AMD · Filed Dec 24, 2024 · Published Jun 25, 2026 · verified — real USPTO data

AMD Patent Uses Boolean Matrix Factorization to Shrink AI Models for FPGA Deployment

By Patentlyze Team · Updated Jun 26, 2026

Running AI directly on a programmable chip is already a tight squeeze. Xilinx has filed a patent for a technique that compresses those AI models further, trading a tiny bit of accuracy for a meaningful cut in chip resources.

FIG. 1A — rendered from the official USPTO publication PDF.

Publication number US 2026/0178694 A1

Applicant XILINX, INC.

Filing date Dec 24, 2024

Publication date Jun 25, 2026

Inventors Linus Matthias WITSCHEN, Mr. Nicholas FRASER, Yaman UMUROGLU, Thomas Bernd PREUSSER, Michaela BLOTT

CPC classification 708/200

Grant likelihood Medium

Examiner CENTRAL, DOCKET (Art Unit OPAP)

Status Docketed New Case - Ready for Examination (Feb 7, 2025)

Document 20 claims

Hardware

What Xilinx's chip-native AI compression actually does

Imagine trying to fit a complex recipe into an index card. You'd cut steps that don't change the final dish much, keeping only what really matters. That's roughly what this patent does for AI running on Xilinx's field-programmable chips.

Most AI models run on general-purpose processors or graphics cards. But Xilinx specializes in programmable chips (called FPGAs) that can be wired up to run a specific task extremely fast and with very little power. One way to put AI on these chips is to represent each neuron as a simple lookup table, basically a cheat sheet that maps every possible input combination to an output.

The problem is those lookup tables can get large. This patent describes a method to automatically shrink them using a math technique that finds a simpler version of the table that gets close enough to the same answer. The system then tests whether the simplified version still meets an accuracy target, and only keeps the swap if it does.

How Boolean matrix factorization simplifies a neuron's logic table

The patent targets a specific class of neural networks called LUT-based neural networks, where each artificial neuron is encoded as a truth table (a complete list of every input-output combination, like a logic gate in digital hardware). These networks are designed to run natively on FPGAs, which are chips whose internal logic can be reconfigured.

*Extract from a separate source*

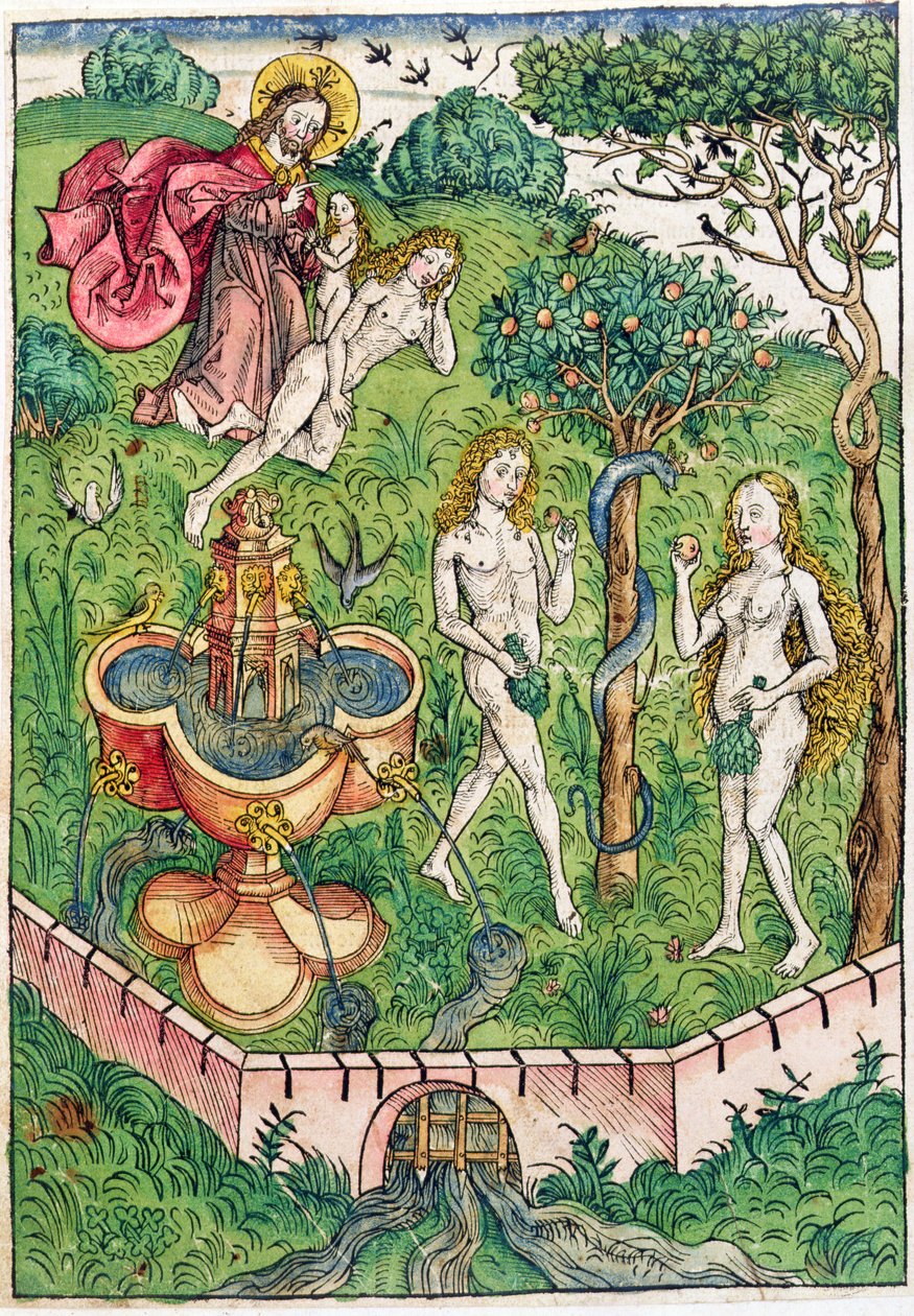 The Creation and the Temptation of Adam and Eve, from 'Le tresor, ou recipient de la vraie richesse du salut de la beatitude eternelle' by Koberger, published in Nuernberg, 1491(The Creation and the Temptation of Adam and Eve, from 'Le tresor, ou recipient de la vraie richesse du salut de la beatitude eternelle' by Koberger, published in Nuernberg, 1491 (colour woodcut))Michael Wolgemut |

The core operation is called Boolean Matrix Factorization (BMF), a technique that takes a large binary table and approximates it using two smaller binary matrices multiplied together (in Boolean algebra, where everything is either 0 or 1). The result is a second, simplified truth table that is an approximation of the original neuron's behavior.

The process works like this:

Pick a neuron from the network and read its truth table.
Run BMF to generate a compressed approximation of that table.
Swap the original table for the new one in the network.
Simulate the updated network and measure its cost using a cost function (a formula that balances prediction accuracy against how many chip resources are consumed).
If the cost is within an acceptable threshold, keep the swap; otherwise, revert it.

The net effect is that individual neurons can be made cheaper to implement on chip without gutting the overall model's accuracy.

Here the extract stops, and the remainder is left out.